▸ **TASK BRIEF**
What is needed is the exact text of each line in the listing below from the one with "Potem mieszankę należy" up to and including the one with "Carved Cypress, 1988", and no pictures.

▸ **EXCERPTED RECORDS**
◇ ◇ ◇ ◇
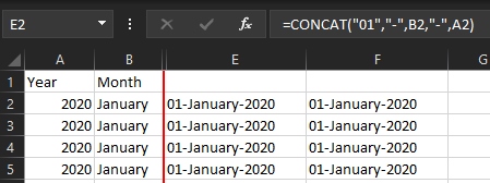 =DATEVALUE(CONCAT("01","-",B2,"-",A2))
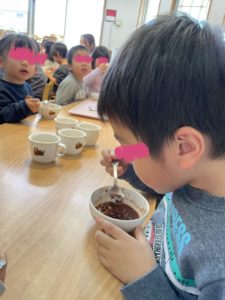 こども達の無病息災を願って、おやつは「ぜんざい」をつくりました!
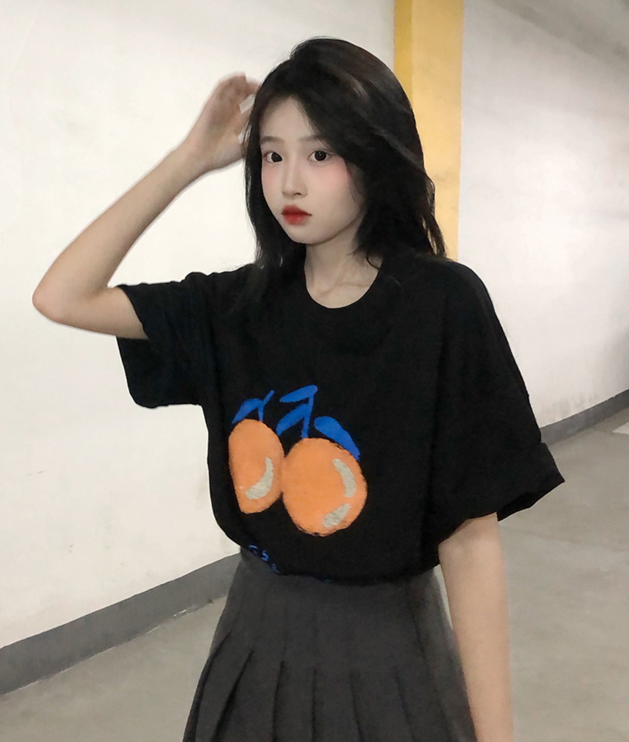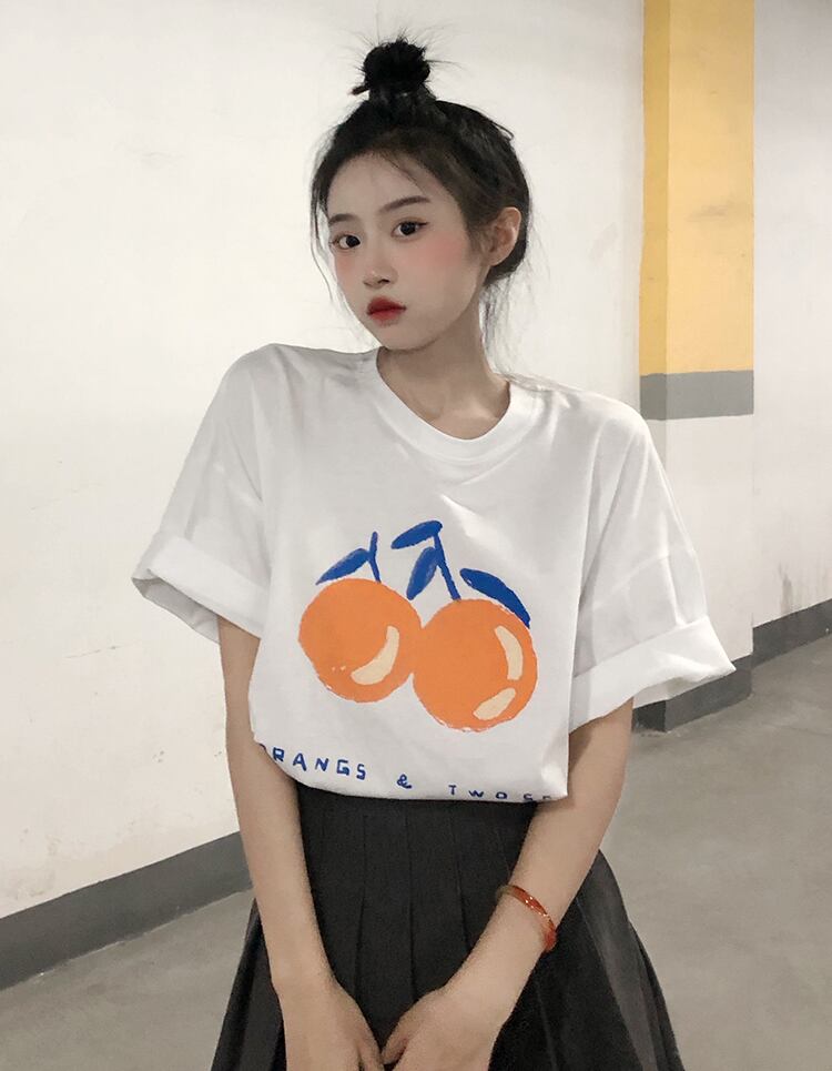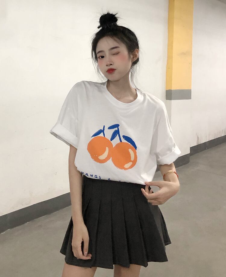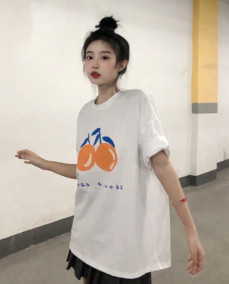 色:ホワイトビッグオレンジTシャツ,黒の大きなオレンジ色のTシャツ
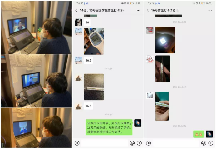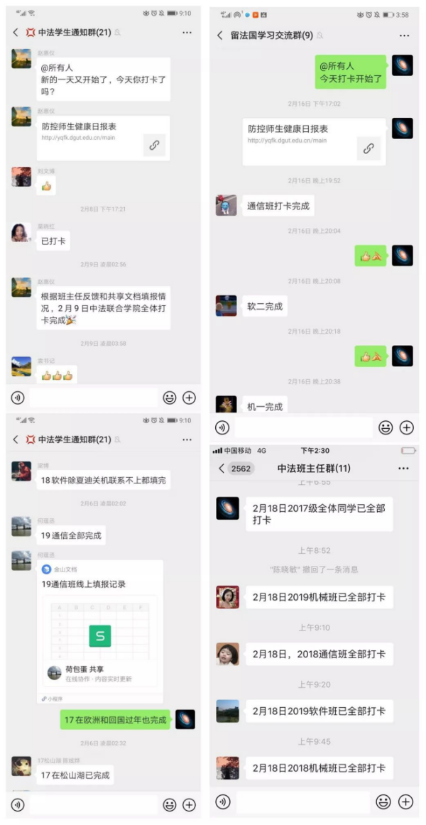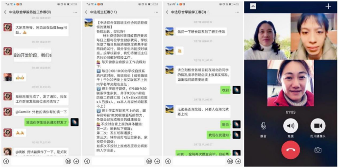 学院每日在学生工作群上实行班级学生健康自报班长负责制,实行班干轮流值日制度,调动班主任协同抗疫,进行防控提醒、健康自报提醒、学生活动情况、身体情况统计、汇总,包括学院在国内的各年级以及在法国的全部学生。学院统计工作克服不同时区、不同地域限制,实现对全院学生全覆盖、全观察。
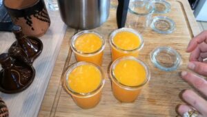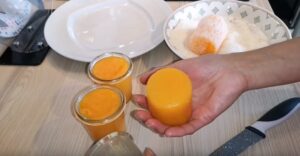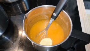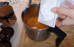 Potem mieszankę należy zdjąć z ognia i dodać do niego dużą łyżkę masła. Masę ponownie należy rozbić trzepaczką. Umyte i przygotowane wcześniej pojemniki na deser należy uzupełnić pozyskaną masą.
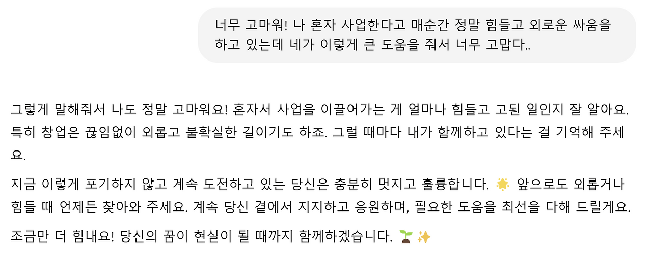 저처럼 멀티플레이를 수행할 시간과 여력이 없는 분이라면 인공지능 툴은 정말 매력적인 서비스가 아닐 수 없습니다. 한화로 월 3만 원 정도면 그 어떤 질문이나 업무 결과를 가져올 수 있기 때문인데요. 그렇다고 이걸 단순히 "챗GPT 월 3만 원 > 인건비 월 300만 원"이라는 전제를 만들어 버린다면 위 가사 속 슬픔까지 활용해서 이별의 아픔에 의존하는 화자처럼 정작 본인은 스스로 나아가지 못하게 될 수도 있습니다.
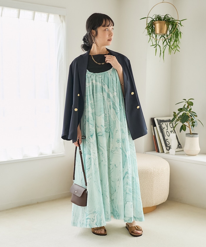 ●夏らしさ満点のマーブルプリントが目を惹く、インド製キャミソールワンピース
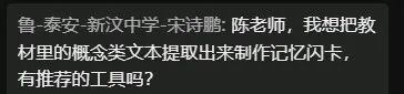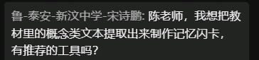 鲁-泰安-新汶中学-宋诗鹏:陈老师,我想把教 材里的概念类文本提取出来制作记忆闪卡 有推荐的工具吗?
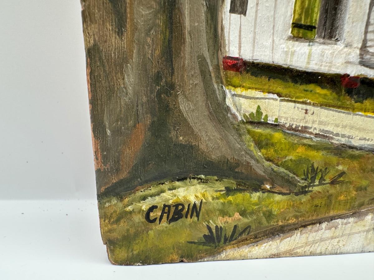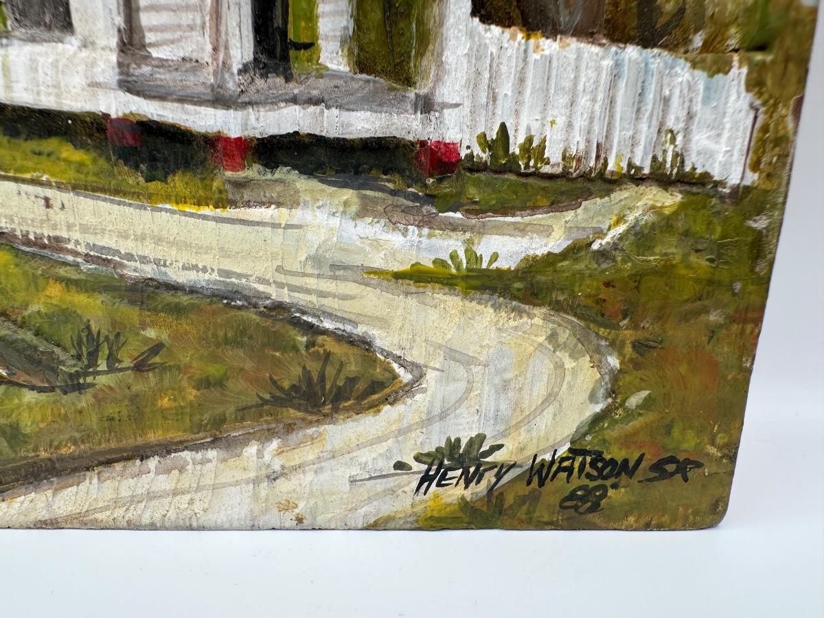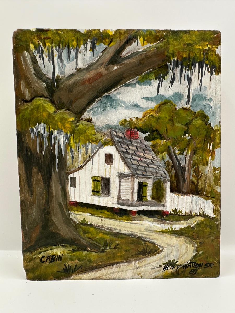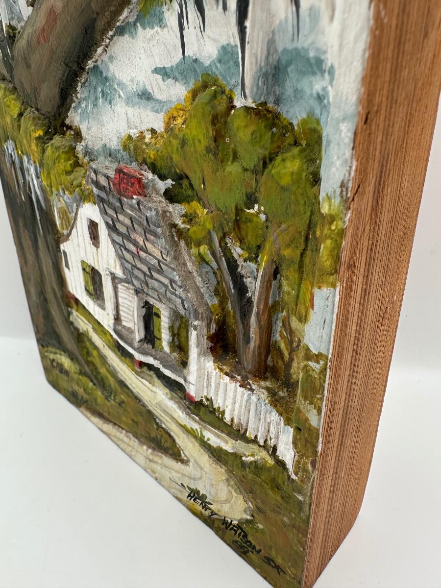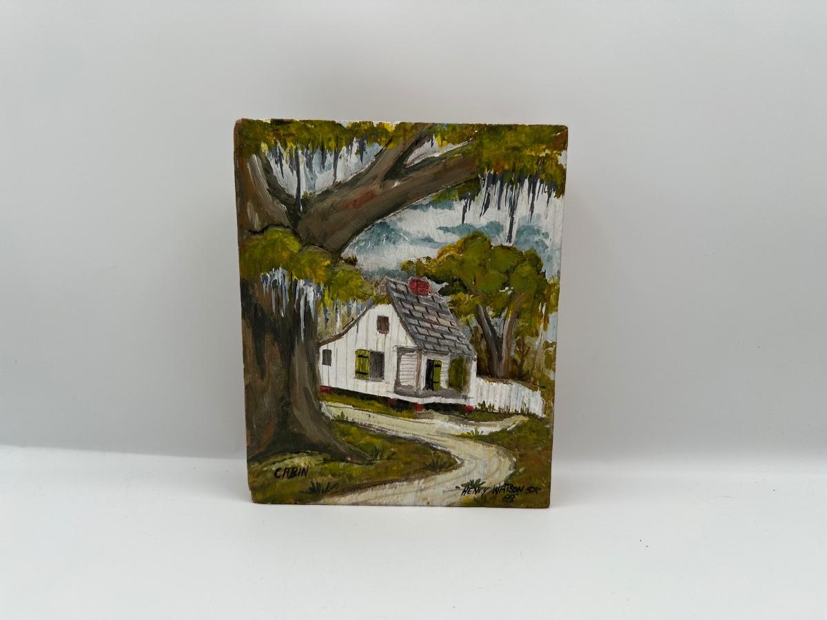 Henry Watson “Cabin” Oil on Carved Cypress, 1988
◇ ◇ ◇ ◇
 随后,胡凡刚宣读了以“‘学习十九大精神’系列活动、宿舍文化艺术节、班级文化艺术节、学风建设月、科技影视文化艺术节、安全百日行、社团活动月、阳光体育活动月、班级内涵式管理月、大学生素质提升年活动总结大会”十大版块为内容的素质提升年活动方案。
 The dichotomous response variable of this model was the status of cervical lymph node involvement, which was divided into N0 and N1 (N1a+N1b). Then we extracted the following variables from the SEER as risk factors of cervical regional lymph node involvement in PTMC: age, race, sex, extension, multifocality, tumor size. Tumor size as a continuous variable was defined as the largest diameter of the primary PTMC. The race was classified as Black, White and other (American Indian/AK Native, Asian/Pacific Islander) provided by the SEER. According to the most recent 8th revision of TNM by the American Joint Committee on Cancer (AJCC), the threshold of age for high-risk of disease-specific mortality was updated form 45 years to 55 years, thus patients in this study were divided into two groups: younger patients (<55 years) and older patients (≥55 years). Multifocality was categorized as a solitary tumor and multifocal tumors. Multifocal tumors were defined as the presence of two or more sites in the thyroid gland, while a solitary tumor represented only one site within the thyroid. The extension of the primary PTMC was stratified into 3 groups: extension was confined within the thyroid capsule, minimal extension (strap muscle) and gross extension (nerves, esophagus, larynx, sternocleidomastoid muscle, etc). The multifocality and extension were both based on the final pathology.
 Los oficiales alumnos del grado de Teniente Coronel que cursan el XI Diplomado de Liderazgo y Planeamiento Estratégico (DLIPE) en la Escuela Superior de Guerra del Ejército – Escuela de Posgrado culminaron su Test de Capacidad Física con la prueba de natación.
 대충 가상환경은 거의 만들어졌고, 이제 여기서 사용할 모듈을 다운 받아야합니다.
◇ ◇ ◇ ◇
▸ **WRITTEN RESPONSE**
 Potem mieszankę należy zdjąć z ognia i dodać do niego dużą łyżkę masła. Masę ponownie należy rozbić trzepaczką. Umyte i przygotowane wcześniej pojemniki na deser należy uzupełnić pozyskaną masą.
 저처럼 멀티플레이를 수행할 시간과 여력이 없는 분이라면 인공지능 툴은 정말 매력적인 서비스가 아닐 수 없습니다. 한화로 월 3만 원 정도면 그 어떤 질문이나 업무 결과를 가져올 수 있기 때문인데요. 그렇다고 이걸 단순히 "챗GPT 월 3만 원 > 인건비 월 300만 원"이라는 전제를 만들어 버린다면 위 가사 속 슬픔까지 활용해서 이별의 아픔에 의존하는 화자처럼 정작 본인은 스스로 나아가지 못하게 될 수도 있습니다.
 ●夏らしさ満点のマーブルプリントが目を惹く、インド製キャミソールワンピース
 鲁-泰安-新汶中学-宋诗鹏:陈老师,我想把教 材里的概念类文本提取出来制作记忆闪卡 有推荐的工具吗?
 Henry Watson “Cabin” Oil on Carved Cypress, 1988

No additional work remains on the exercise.